#### Information shown
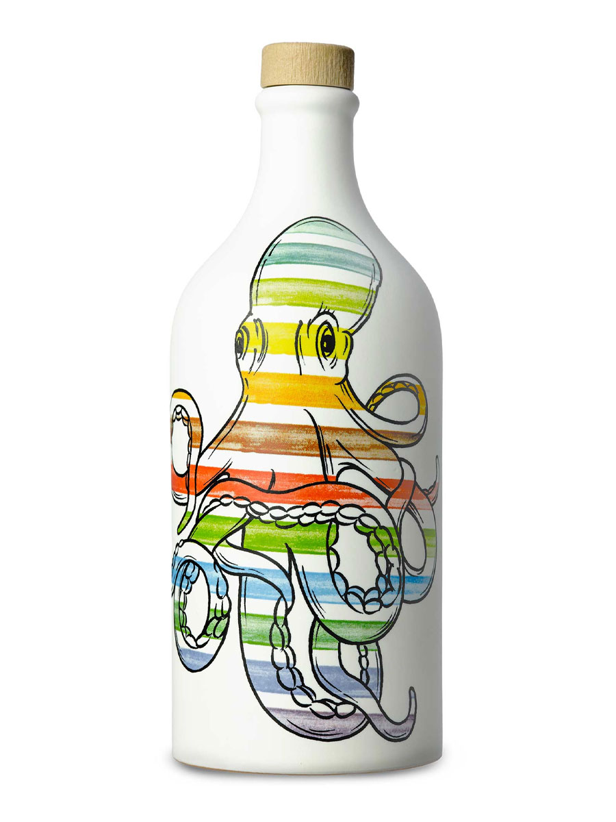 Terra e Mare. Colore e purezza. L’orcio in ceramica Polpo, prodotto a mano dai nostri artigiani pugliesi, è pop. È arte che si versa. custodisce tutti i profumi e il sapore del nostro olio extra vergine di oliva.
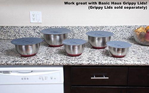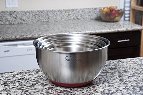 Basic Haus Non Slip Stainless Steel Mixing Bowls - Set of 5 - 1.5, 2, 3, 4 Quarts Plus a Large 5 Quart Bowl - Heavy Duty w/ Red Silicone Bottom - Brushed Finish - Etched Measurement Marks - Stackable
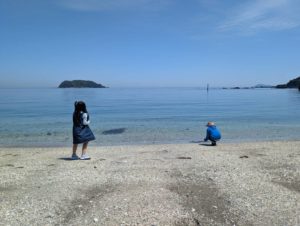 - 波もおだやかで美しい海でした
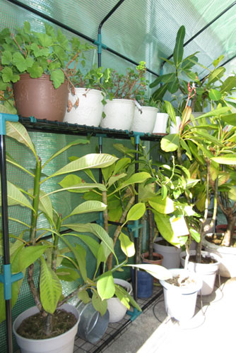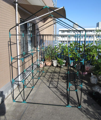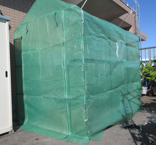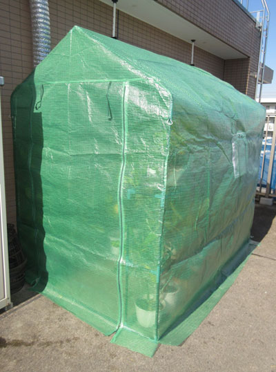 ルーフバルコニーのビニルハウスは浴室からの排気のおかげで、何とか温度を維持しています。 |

#### Exercise requirements
Replicate the material above verbatim; images stay out of the copy.

#### Problem solution
 Terra e Mare. Colore e purezza. L’orcio in ceramica Polpo, prodotto a mano dai nostri artigiani pugliesi, è pop. È arte che si versa. custodisce tutti i profumi e il sapore del nostro olio extra vergine di oliva.
 Basic Haus Non Slip Stainless Steel Mixing Bowls - Set of 5 - 1.5, 2, 3, 4 Quarts Plus a Large 5 Quart Bowl - Heavy Duty w/ Red Silicone Bottom - Brushed Finish - Etched Measurement Marks - Stackable
 - 波もおだやかで美しい海でした
 ルーフバルコニーのビニルハウスは浴室からの排気のおかげで、何とか温度を維持しています。 |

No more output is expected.